Eruption of permanent large molars (molars),

having no milk predecessors, is carried out in exactly the same way as the eruption of milk teeth, but only at a later date and after the lengthening of the dental plate. The first molar erupts at the 6-7th year of the child’s life, the second molar at the 9-14th year and the third molar at the 20-25th year.

Vascularization of teeth

carried out by the branches of the maxillary artery, penetrating through the main and additional openings in the apical part of the tooth root. In the dental pulp, the arteries branch into many anastomosing capillaries, which flow into a vein that leaves the pulp cavity through the same openings in the tooth root. The pulp contains lymphatic capillaries and small lymphatic vessels.

Blood flow in the pulp vessels is influenced by temperature and changes in mechanical pressure during chewing of food.

Innervation of the tooth

carried out by branches of the trigeminal nerve, the fibers of which end in receptors. There are unmyelinated nerve fibers ending with effectors on pulp vessels.

There is evidence that sensory nerve fibers penetrate into the initial sections of the dentinal tubules. These fibers perceive painful stimulation that occurs under the influence of pressure on them from the fluid located in the dentinal tubules. It is possible that painful stimuli are perceived by the processes of dentinoblasts, as evidenced by the presence of acetylcholinesterase in these processes.

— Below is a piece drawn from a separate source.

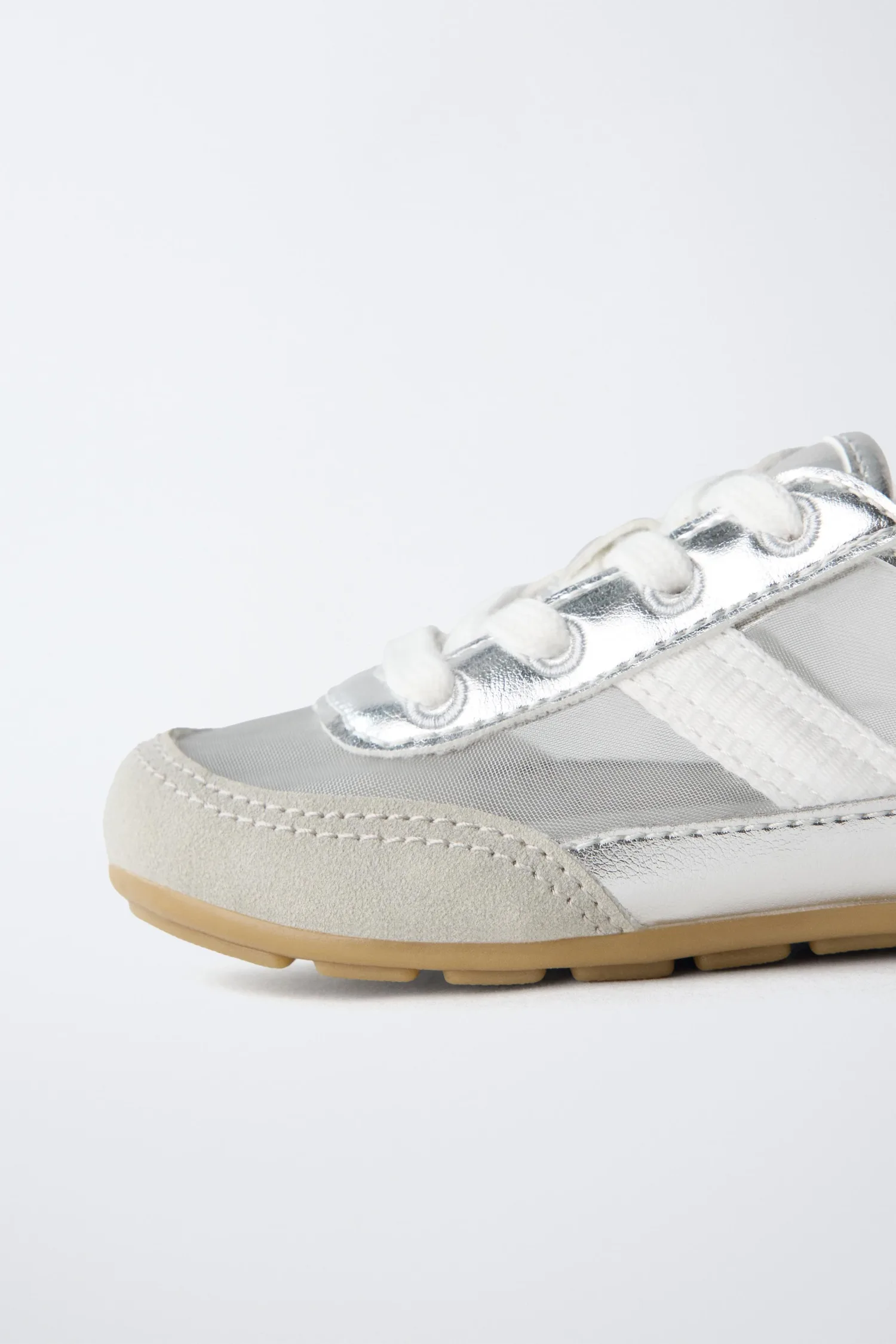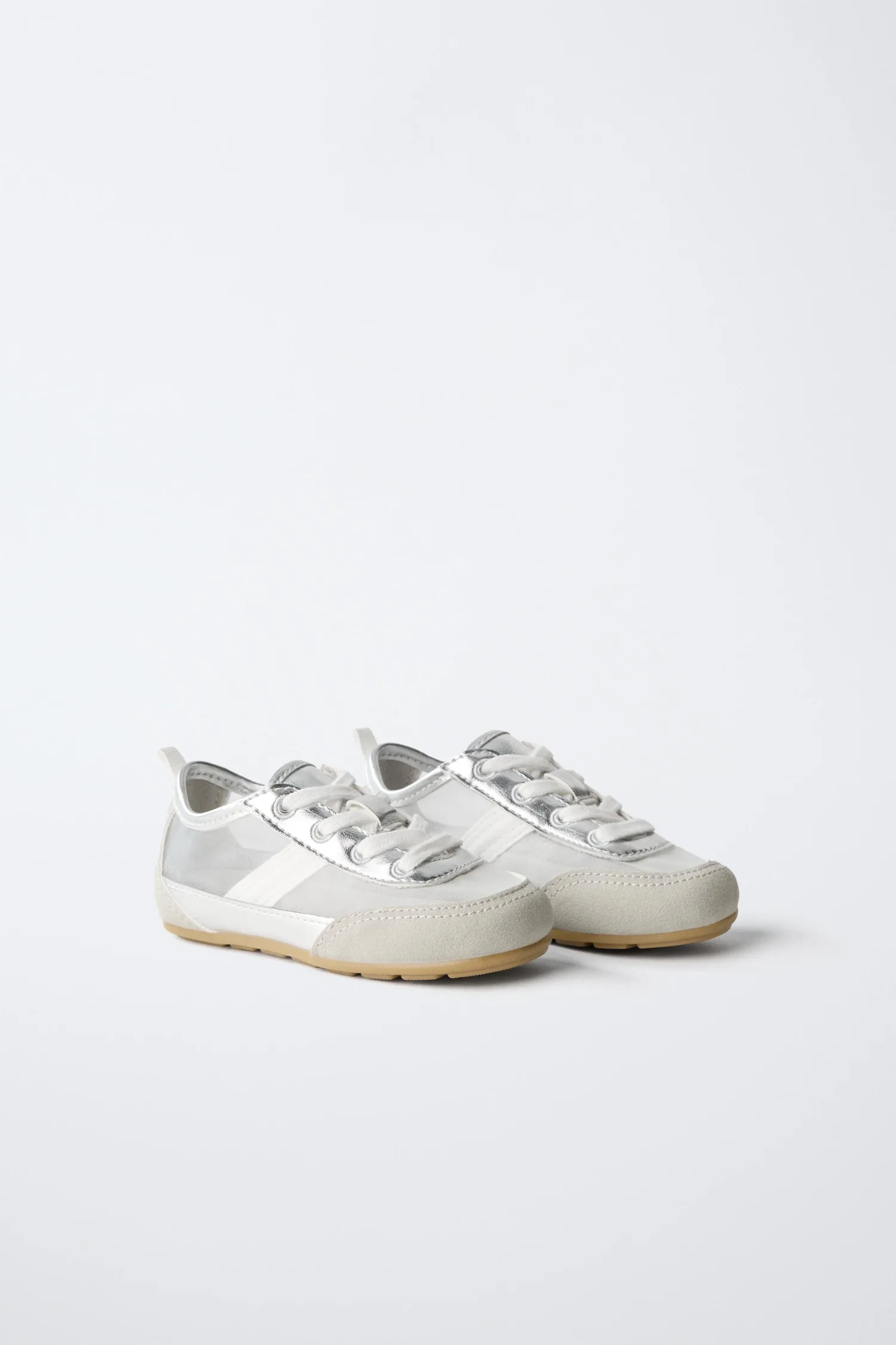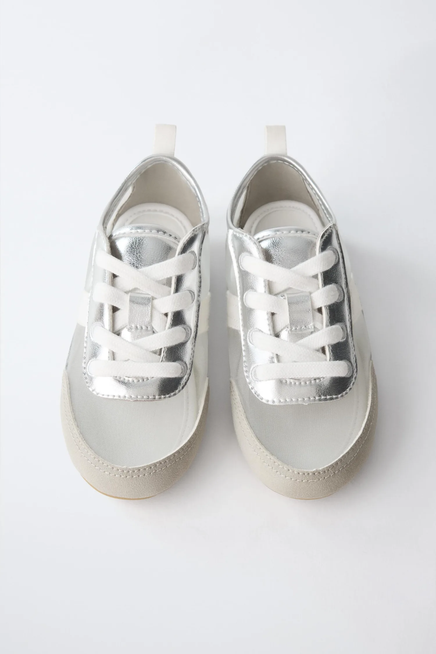 Кроссовки с металлическими и органзовыми деталями. Шнуровка. Гибкая стелька. Резиновая подошва.
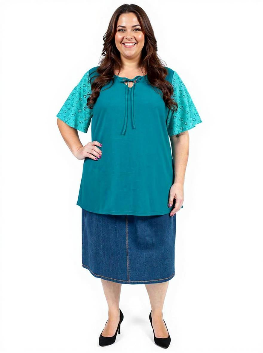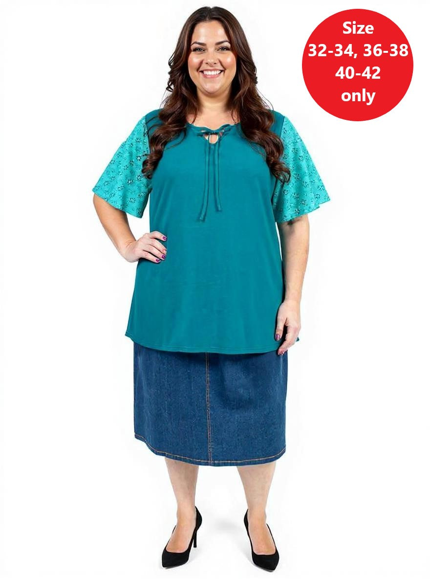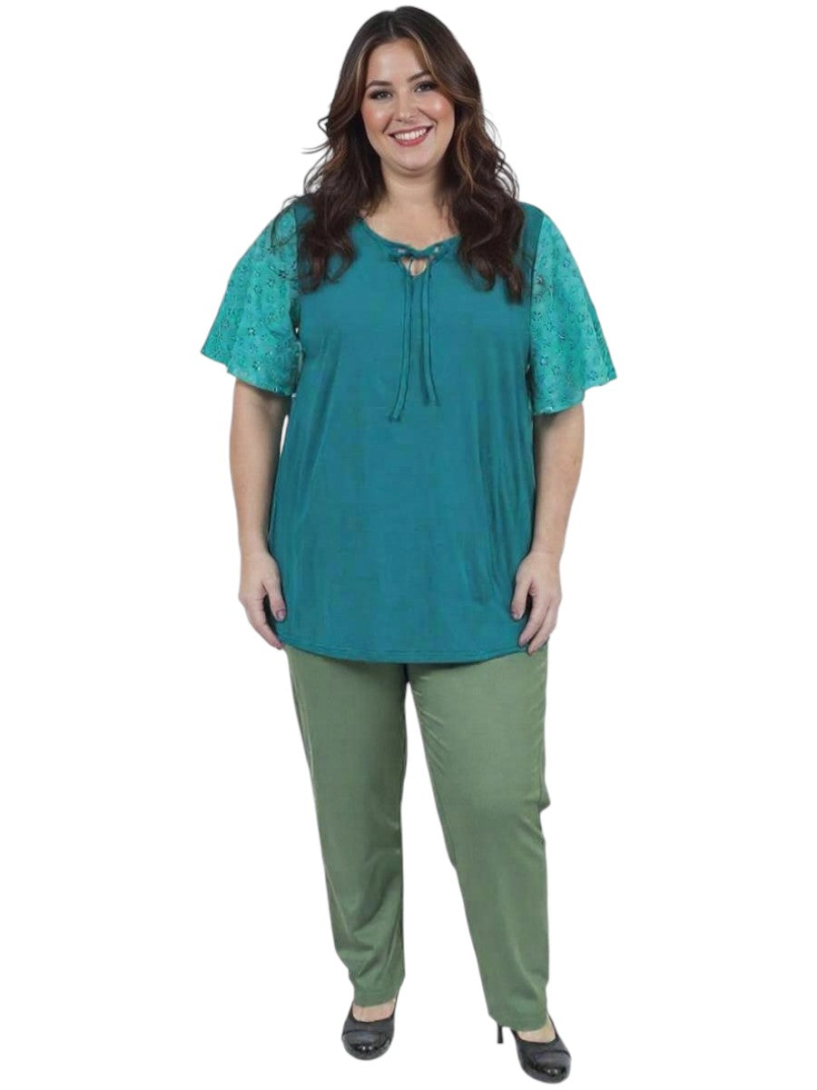 A cool look for summer, this lovely, plus-size cotton top is lightweight, breathable and easy to wear. With round neck it features tie at the neck with elbow-length flutter sleeves in a beautiful matching cotton Anglaise. Available in Emerald and Pink for a soft, casual look

Age-related changes in teeth

characterized by the fact that the enamel and dentin on the chewing surface are erased. The enamel becomes dull, cracks appear on its surface, and mineral salts are deposited. In enamel, dentin and cement, the content of organic substances decreases and the amount of mineral compounds increases. As a result, the permeability of these tissues to water, ions, amino acids, enzymes, and glucose decreases. As the body ages, new dentin formation stops. Cement, on the contrary, grows.

The dental pulp atrophies in old age, and the nutrition of the dental tissues is disrupted due to sclerosis of the blood vessels. The number of dentinoblasts decreases, some of them turn into dentinocytes.

Regeneration

There is no tooth enamel observed, dentin regeneration is carried out due to the formation of secondary replacement dentin, carried out by dentinoblasts.